In its suspension of Sanitation Salvage’s license in August, the BIC concluded that the company had regularly failed to register employees with the agency, including a large number of its truck drivers.
“BIC’s investigation of Sanitation Salvage revealed regular, systemic failures by the company to disclose employees, and yet this modus operandi went on for years without repercussion,” Melissa Iachan, a senior staff attorney at New York Lawyers for the Public Interest, said at the hearing. Saying that off-the-books employment makes workers especially vulnerable to wage theft, exploitation and dangerous conditions because of a lack of safety training, Iachan argued that the BIC’s proposed rules should include even more reporting requirements for companies, such as the regular submission of employee time sheets and payroll information.
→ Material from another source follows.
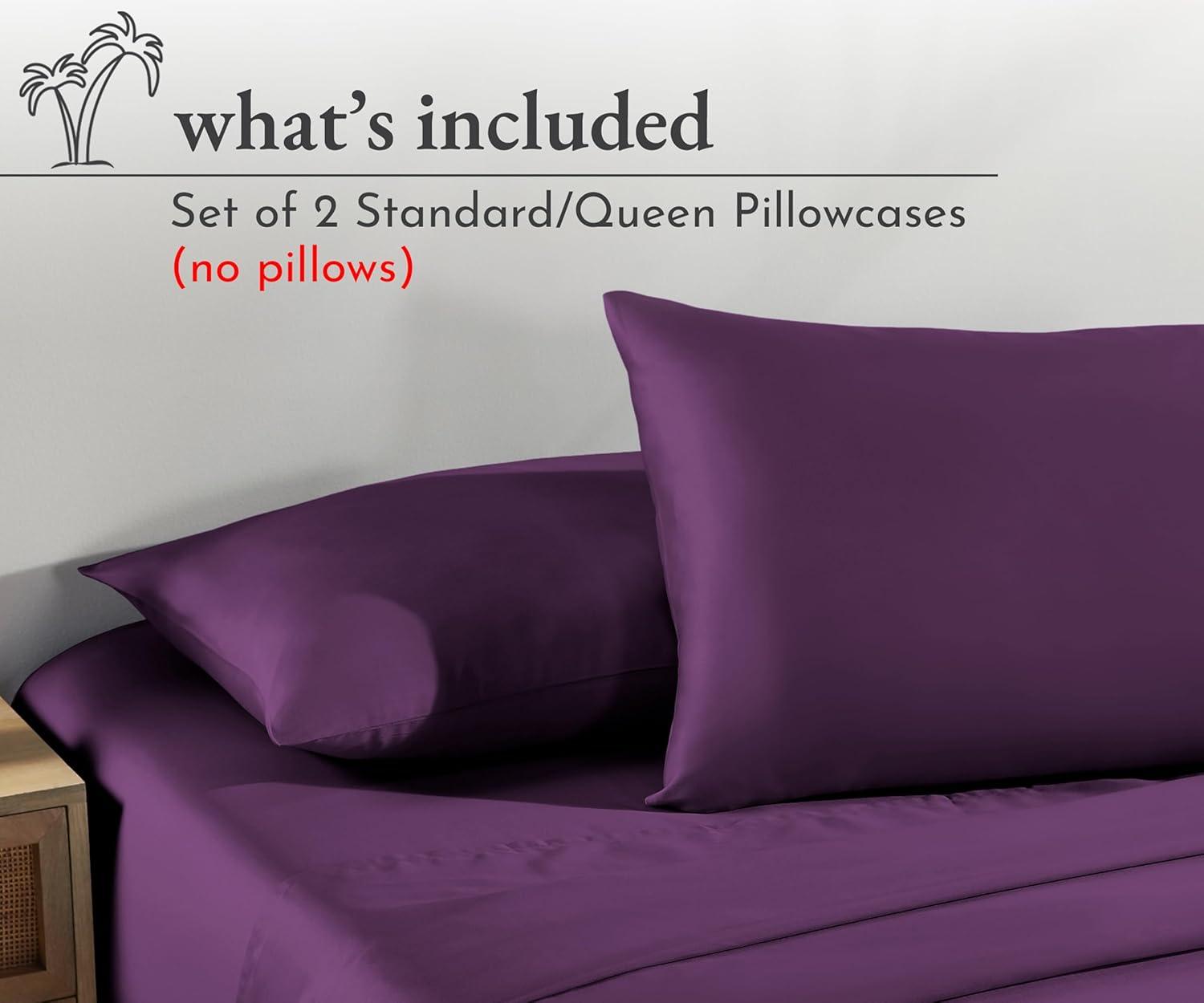 California Design Den Standard Queen Size Pillowcases – 100% Cotton, Set of 2 Soft & Cooling Sateen Weave Cases, Fits Queen and Standard Size Pillows – Bright White(09 – Purple Passion)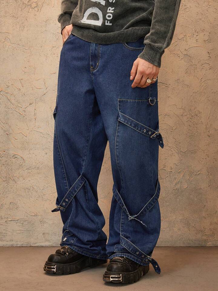 Grunge Punk Men's Button Decorated Casual Straight Leg Jeans

Antonio Reynoso, who is chairman of the City Council’s Sanitation Committee and who attended the hearing, said that any regulations, new or existing, are only meaningful to the extent they are enforced.
“Time and time again we find that companies have simply disregarded BIC’s existing reporting requirements without suffering even minor consequences,” Reynoso said. “This is highly disturbing when we consider that employee registration is a critical component of BIC’s core mission: ensuring that members of organized crime are not active in the industry.”
At the hearing, Reynoso joined advocates in calling for comprehensive reform of the private sanitation industry by dividing the city into collection zones — a proposed overhaul supported by the de Blasio administration. Under zoning, supporters argue that the city would have more leverage to force companies to meet safety, labor and environmental benchmarks.
“This will be a first step in expanding our limited toolbox for addressing safety issues in the trade waste industry,” Salvador Arrona, director of policy at BIC, wrote in an email. “Next steps include pursuing legislation to empower BIC to do even more with regards to safety.”
Jose Maldonado, an official with New Yorkers for Responsible Waste Management, an industry group, said he supported increased attention to safety, but he and his organization have lobbied against zoning, and he said on Monday that he feared the issue of safety was being “politicized and weaponized” by those pushing the zoning proposal.